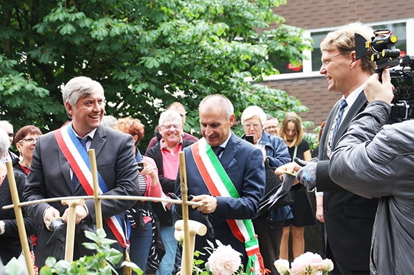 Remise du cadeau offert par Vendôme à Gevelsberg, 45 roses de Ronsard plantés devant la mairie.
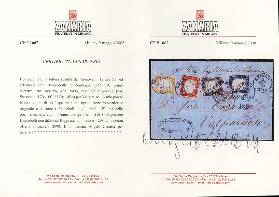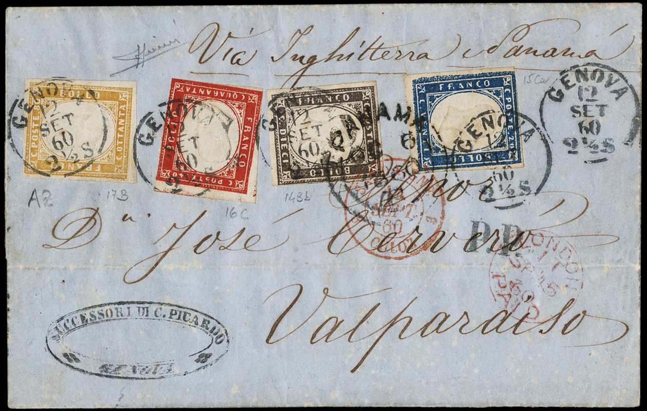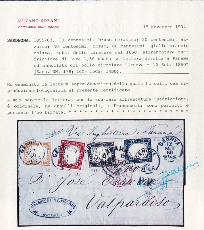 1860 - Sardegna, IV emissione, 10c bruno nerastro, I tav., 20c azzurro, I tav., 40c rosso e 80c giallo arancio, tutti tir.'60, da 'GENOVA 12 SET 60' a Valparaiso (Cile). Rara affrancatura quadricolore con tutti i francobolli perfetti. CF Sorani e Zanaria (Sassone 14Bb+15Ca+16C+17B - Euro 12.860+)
————————
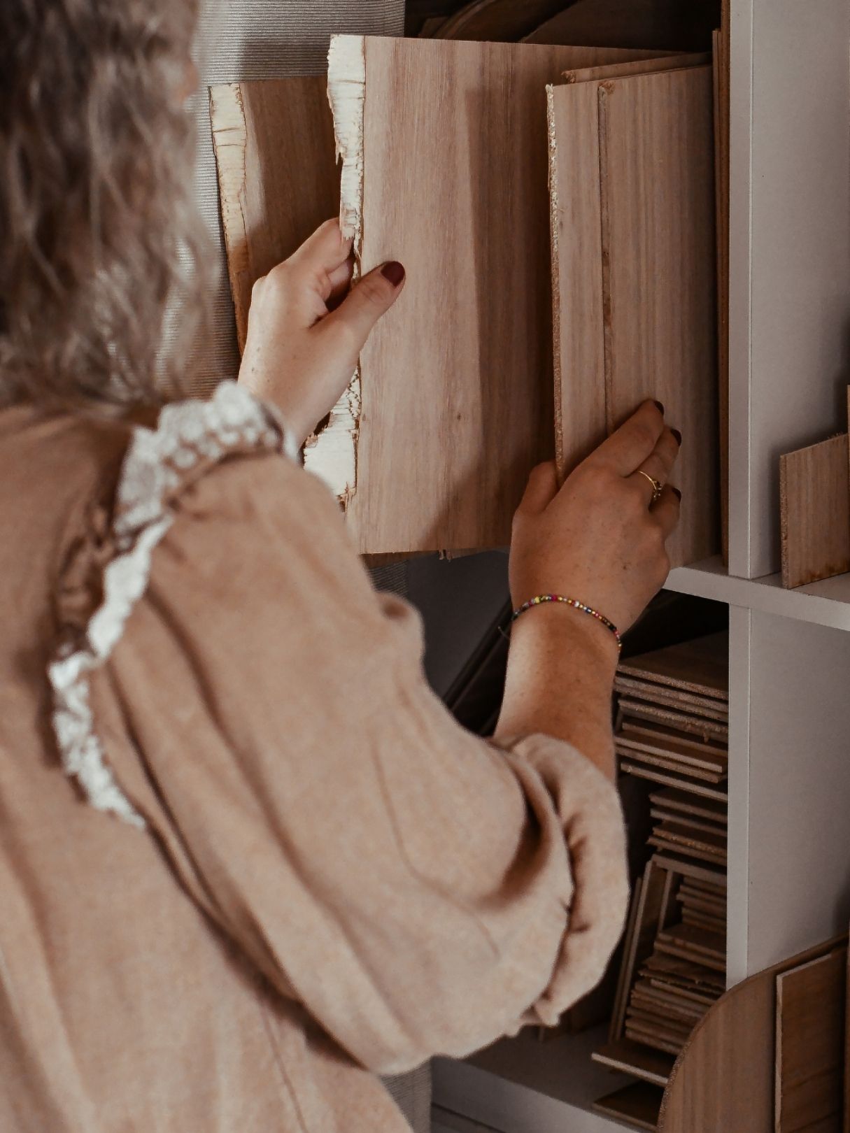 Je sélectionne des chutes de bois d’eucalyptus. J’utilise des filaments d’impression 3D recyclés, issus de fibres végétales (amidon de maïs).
————————
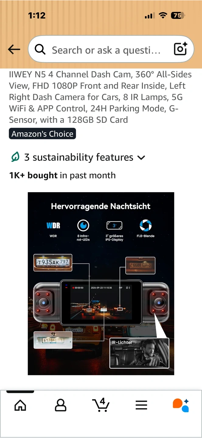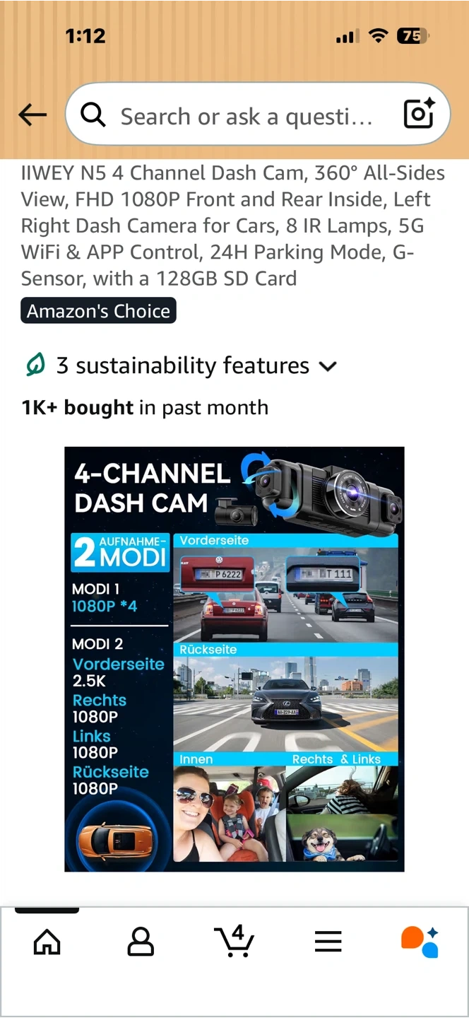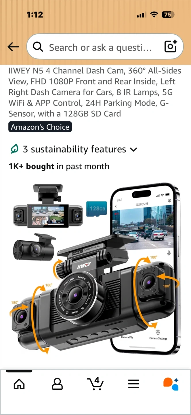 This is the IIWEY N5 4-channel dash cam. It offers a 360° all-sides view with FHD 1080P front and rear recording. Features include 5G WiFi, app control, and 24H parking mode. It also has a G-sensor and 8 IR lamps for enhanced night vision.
————————
Everything above from the line containing "Remise du cadeau" down to the line containing "1860 - Sardegna, IV" is to be duplicated exactly, both lines included, and the pictures are to be omitted.

 Remise du cadeau offert par Vendôme à Gevelsberg, 45 roses de Ronsard plantés devant la mairie.
 1860 - Sardegna, IV emissione, 10c bruno nerastro, I tav., 20c azzurro, I tav., 40c rosso e 80c giallo arancio, tutti tir.'60, da 'GENOVA 12 SET 60' a Valparaiso (Cile). Rara affrancatura quadricolore con tutti i francobolli perfetti. CF Sorani e Zanaria (Sassone 14Bb+15Ca+16C+17B - Euro 12.860+)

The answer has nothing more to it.